Thanks for this insight. In fact, the codebase doesn’t use a rule or pattern to disambiguate internal/external packages. It’s just a convention, all aliases are listed in tsconfig.json’s compilerOptions.paths.

ljharb commented 3 years ago

@lensbart then you'd need the typescript resolver to kick those in; your config only has a babel and webpack one.

lensbart commented 3 years ago

@lensbart then you'd need the typescript resolver to kick those in; your config only has a babel and webpack one.

Whoops, sorry again for the confusion that I’m causing on this Friday evening.
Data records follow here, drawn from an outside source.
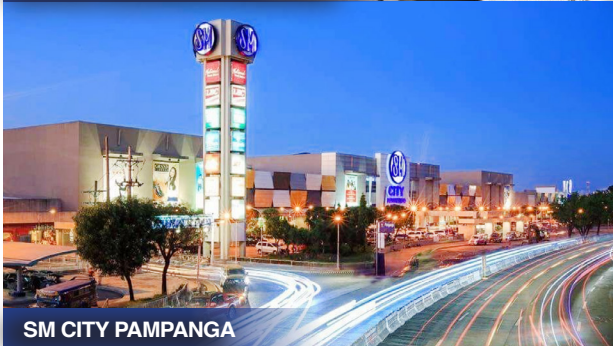
SM CITY PAMPANGA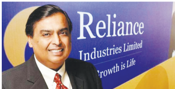
MUMBAI, Oct 28 (Agencies): Reliance Industries Limited chairman Mukesh Ambani has received an extortion-cum-death threat

via email, officials said here on Saturday.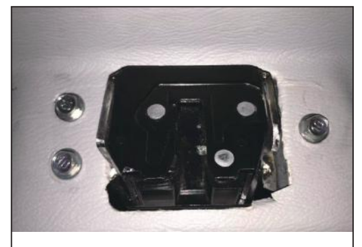
10.Remove the original locks and install our electric suction locks. Fixed with screw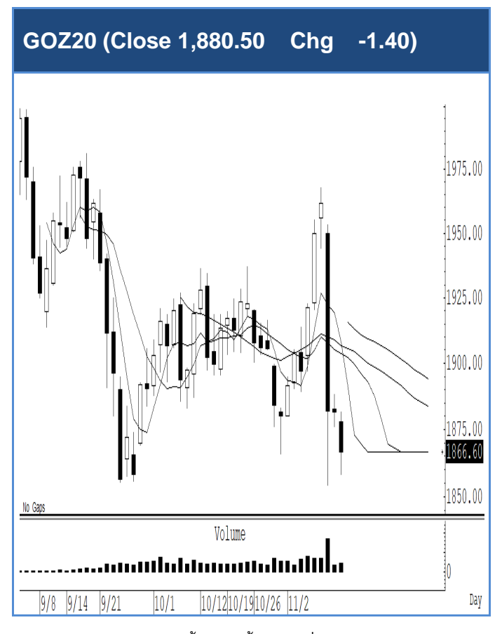
ราคาทองคำทรงตัวในเช้าวันนี้ สั้น ๆ ไม่ต่ำกว่าแนวรับแถว ๆ 1,845 ดอลลาร์ แนะนำ trading ในกรอบระหว่าง 1,845-1,910 ดอลลาร์ รับรู้กำไร แต่ถ้าปิดต่ำกว่า 1.845 ดอลลาร์ แนะนำ ถือ short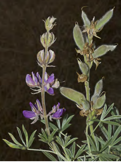
SUMMER LUPINE (Lupinus formosus var. formosus) Native Perennial - Pea Family -(Apr-Sep) - Dry clay soils, grassland, open areas under pines, gen in valleys - Plant 8-32", low growing. Leaves hairy. Flowers purple, hairless, summer/fall blooming.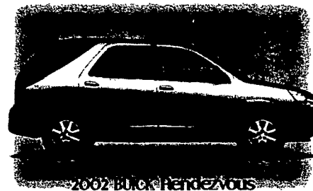
2002 BUICK Rendezvous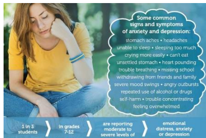
Helping students cope with stress, anxiety and depression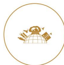
Article 10 – Spreading a culture of peace

Participatory Human Rights Advancement Society joined the Handbook Discussion Project on The Declaration of Peace and Cessation of the War (DPCW) and participated the event by giving congratulatory message.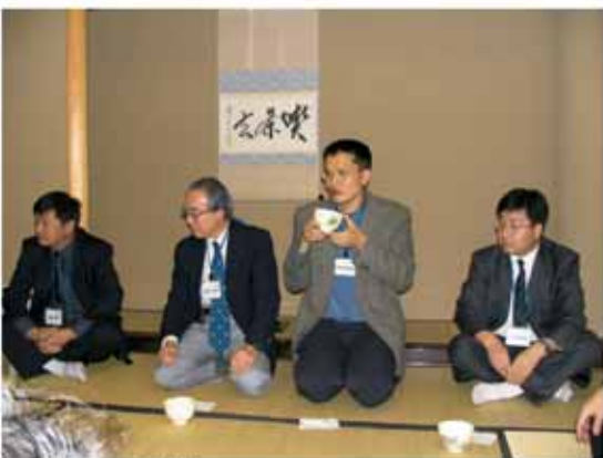
茶道 The Tea Ceremony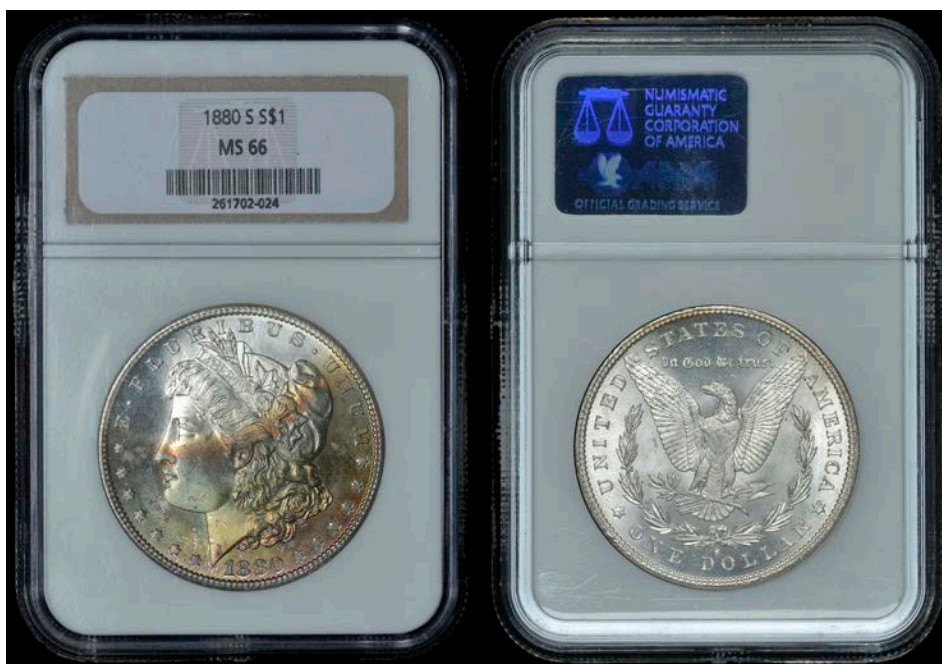
2571 Dollar, 1880s. Practically mint state, obverse with partial rainbow tone Slabbed in NGC holder, graded MS 66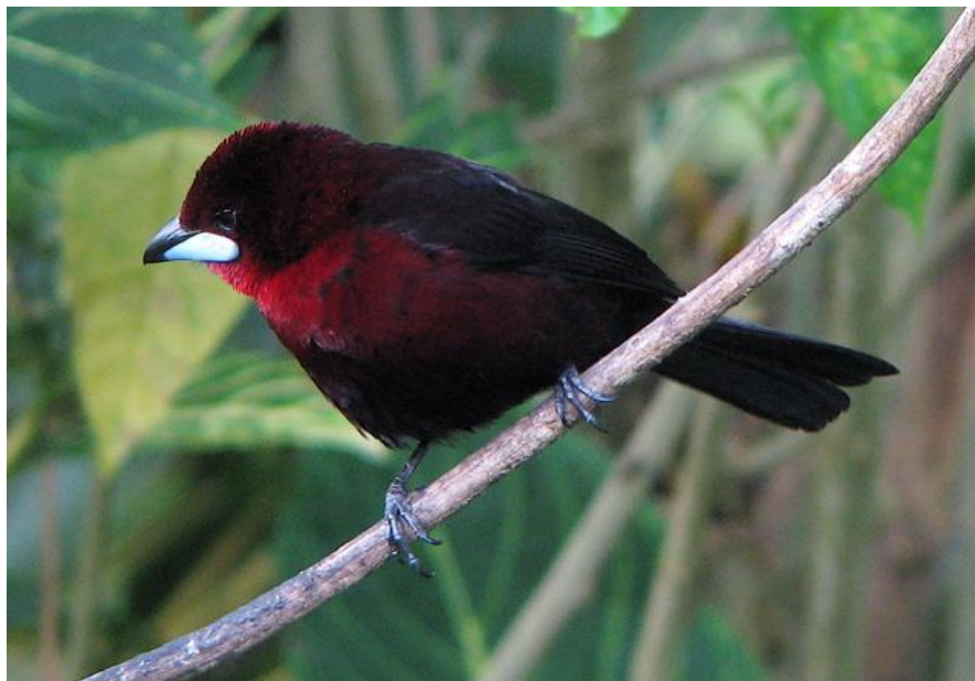
Silver-beaked Tanager © David Ascanio

The Lodge: Constructed in a clearing on the edge of the forest, the lodge complex is the site of most of the human activity in the area. Right around our lodging accommodations and the restaurant we are likely to find a number of species associated with edge-type habitat, which makes for an easy introduction to the birds of the area. Merely stepping outside of our rooms will yield a fine array of birds that includes Southern Lapwing, Guira Cuckoo, Pale-vented Pigeon, Reddish Hermit, Black-throated Mango, White-eyed Parakeet, Fork-tailed Palm-Swift, Streaked Flycatcher, Yellow-rumped Cacique, White-lined and Silver-beaked tanagers, and Grassland Sparrow to name a few.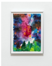
Ich werd nicht mehr rumbrummen ich schwörs, 2023 Pen, watercolor, ink and pigment on paper 24,8 x 18,5 cm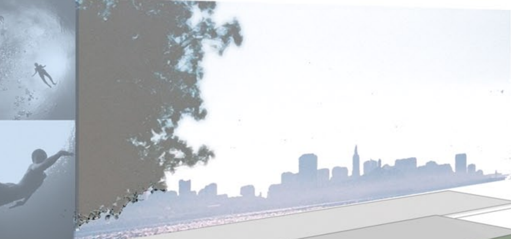
100YR FLOOD PLAIN HIGH TIDE LEVEL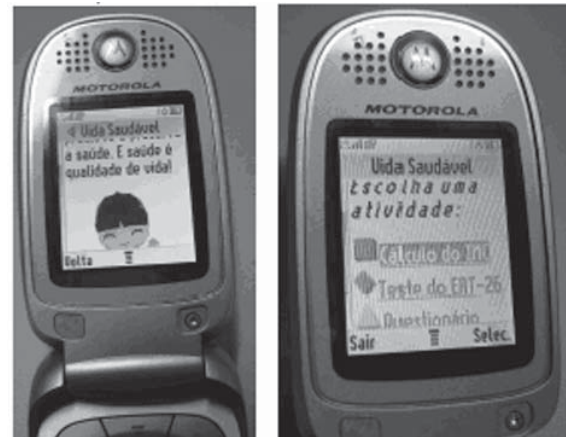
Figure 4 – Example of two learning objects of an educational course on mobile phone.

Figure 4 shows two LO with mobile phone interface. The first one shows text, audio and video of the agent "Vivita" already with interaction options. The second shows the mobile interface for the same screen seen in Figure 3 (IMC calculation, EAT-26 and questionnaire).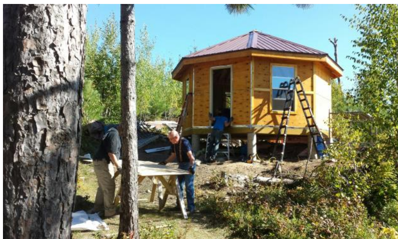
Above—Yurt construction crew above positive IDs not possible.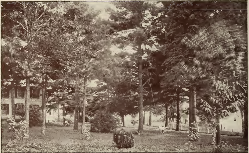
Photo of proprietor's front lawn as seen from the rear. Partial view of residence on the left. Tenant houses on the right.

In order to avoid repetition, I define my paths once in tsconfig.json, and import tsconfig.json in my .babelrc.js and use the paths defined in the former.

ljharb commented 3 years ago

ahh ok, that does clear that up :-)

are you saying that in v2.22, your tsconfig paths were recognized as "internal", but in v2.23, they're recognized as "external"?

lensbart commented 3 years ago

are you saying that in v2.22, your tsconfig paths were recognized as "internal", but in v2.23, they're recognized as "external"?

Yep!

Not sure if I should be proud or embarrassed of this pattern, but my babel config looks as follows (abridged):

// .babelrc.js
const { readFileSync } = require('fs')
const { resolve } = require('path')

const { parse } = require('json5')
const { filter, map } = require('ramda')

// Get module alias names from TypeScript configuration file
const alias = filter(
  (value) => !value.endsWith('/*'),
    map(
      (value) => `./${value[0]}`,
      parse(readFileSync(resolve('./tsconfig.json'))).compilerOptions.paths
    )
  )

module.exports = (api) => ({
  plugins: [
    ['module-resolver', { alias, extensions: ['.ts', '.tsx'] }],
  ]
})
ljharb commented 3 years ago

alrighty, while i'd still suggest another convention, this does seem to be an unintentional change.

JanJakes commented 3 years ago

Seeing probably the same issue in the following form:

@our-company/internal-package import should occur before import of apollo-server-express import/order

With the following piece of config:

pathGroups: [
  {
    pattern: '@our-company/**',
    group: 'external',
    position: 'after',
  },
  ...,
],
jakubmazanec commented 3 years ago

We have similar problem: in version 2.23.4 (compared to previous version we used 2.22.1), imports that are TypeScript path aliases are sorted differently.

Rule config:

'import/order': [
  'warn',
  {
    groups: [['builtin', 'external']],
    'newlines-between': 'always',
    alphabetize: { order: 'asc', caseInsensitive: true },
  },
]

Example file:

import { IncomingHttpHeaders, IncomingMessage, ServerResponse } from 'http';

import { isLocalhost } from '@core/utils'; // in tsconfig, there is compilerOptions.paths configured

Previously there were no warnings, now there are two:

There should be no empty line within import group
`@core/utils` import should occur before import of `http`
ljharb commented 3 years ago

Is this still an issue in v2.24.0?

JanJakes commented 3 years ago

It seems to work for us 👍 🎉

JanJakes commented 3 years ago

@ljharb Sorry, it was a false joy. I forgot to remove the resolutions field locally so the update in my test had no effect. I only discovered it now when a pull request from Renovate bot failed. So unfortunately, this is still an issue and thus should be reopened, I guess.